Merci pour tous les jours de ta vie, pour m’avoir battu, pour m’avoir bercé ! -- Mais toi
aussi, dis merci à ton tour.
Il presse sa joue contre la bouche d’Ase.
Voilà ! ça c’est merci pour le voyage.

KARI entre
Comment? Tu es là Peer! Comme elle dort bien ... à moins que ... ?

PEER GYNT
Tais-toi. Elle est morte.
Kari recouvre le corps. Peer arpente longuement la chambre; puis s’arrête près du lit.
Fais enterrer ma mère avec honneur. Moi, je m’enfuis.

KARI
Et tu vas faire un long voyage?

PEER GYNT
Vers la mer.

KARI
Si loin!

PEER GYNT
Encore plus loin.
INTERMÈDE : LE VOYAGE DE PEER GYNT

LES COMÉDIENS / VILLAGEOIS


Alors on raconte que Peer Gynt fit un long, long, très long voyage.
Il partit pour l’ Amérique
Et devint un riche, très riche commerçant / fit fortune
Il vendit des idoles pour la Chine
et fit même la traite des noirs.
puis partit vers l’Afrique,
les poches pleines d’or
avec son seul rêve: devenir empereur du monde.
Au Maroc, sa fortune coula dans la mer
Alors il traversa le désert
à pied !
et devint prophète et rencontra la belle Anitra
qui le dépouilla entièrement
et le laissa nu sur la pierre.
Il vécut avec les singes
En Egypte, il rencontra le Sphynx et la statue de Mémnon
Enfin, il échoua chez les fous où on le couronna
empereur.
Puis, ruiné, vieux, usé, mais toujours le même, il décida de retourner sur sa terre natale.

SCÈNE  10: LE BATEAU

LE CAPITAINE
Hissez la lanterne !

PEER GYNT
Il souffle un de ces vents

LE CAPITAINE
Tempête cette nuit. Vous êtes attendu ?

PEER GYNT
Je suis sans famille et personne n’attend le vieux Peter Gynt.

LE CAPITAINE
Un coup de mer ! Parez le navire !

LE MARIN
Une épave sous le vent ! Capitaine ! Venez vite !

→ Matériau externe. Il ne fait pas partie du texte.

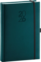 Dnevni dnevnik Aprint Top 2026 u prekrasnoj petrolej boji savršeni je pratitelj za planiranje tijekom cijele godine. Sadrži kalendarij za Čehoslovačku s dodatnim jezicima i praktična pomagala poput gumice za zatvaranje i držača za olovku.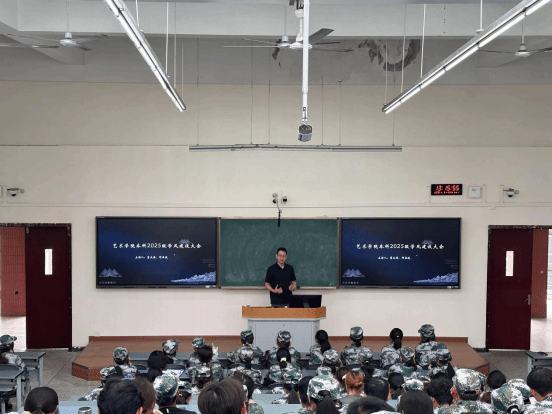 会议现场,2025级本科新生身着迷彩服整齐就座,认真聆听主讲老师的分享。曹大伟老师结合艺术专业学习特点,从“明确学习目标”“培养良好学习习惯”“恪守学术诚信”三个维度展开讲解。他强调,艺术学习需兼具扎实的专业功底与创新思维,同学们要在日常学习中主动探索、勤练技艺,以严谨的学风对待每一次创作与研究。

LE PASSAGER INCONNU (il apparaît dans le noir à côté de Gynt et le salue avec
amabilité)
Bonsoir !

PEER GYNT
Bonsoir ! Mais quoi… qui êtes-vous ?

LE PASSAGER
Votre compagnon de voyage pour vous servir !
PEER GYNT
Je croyais que j’étais le seul passager!
Vous ne seriez pas malade ? Vous êtes blanc comme un linge !

LE PASSAGER
Pas du tout…Je me porte comme un charme. Ah ! Regardez ! La mer est haute comme
une montagne... Pensez à toutes les épaves qui seront fracassées cette nuit, à tous les
cadavres rejetés sur le rivage, ça vous fait venir l’eau à la bouche: Juste une question : si
par exemple nous heurtions un récif, et que nous coulions dans le noir ?

PEER GYNT
Vous croyez que ça risque ?

LE PASSAGER
Supposons. Je surnage : vous allez au fond

PEER GYNT
Ah ! Cette blague !

LE PASSAGER
Ce n’est qu’une hypothèse. Seulement, auriez-vous l’amabilité de me faire cadeau de
votre honorable cadavre ?

PEER GYNT
Et puis quoi encore ?

LE PASSAGER
C’est pour mes expériences scientifiques. Ce que je recherche, c’est le siège des rêves  :
j’aimerais procéder sur vous à une dissection complète.

PEER GYNT
Ne me touchez pas !

LE PASSAGER
Prochain rendez-vous, au fond de la mer. Peut-être serez-vous mieux luné.

MARIN
Terre tout près à l’avant !

LE CAPITAINE
Le grand mât fracassé ! La proue vient de craquer

Naufrage
Peer flotte dans la mer. Se cramponne fermement à la quille d’un canot retourné

PEER
Au secours ! envoyez un bateau au secours !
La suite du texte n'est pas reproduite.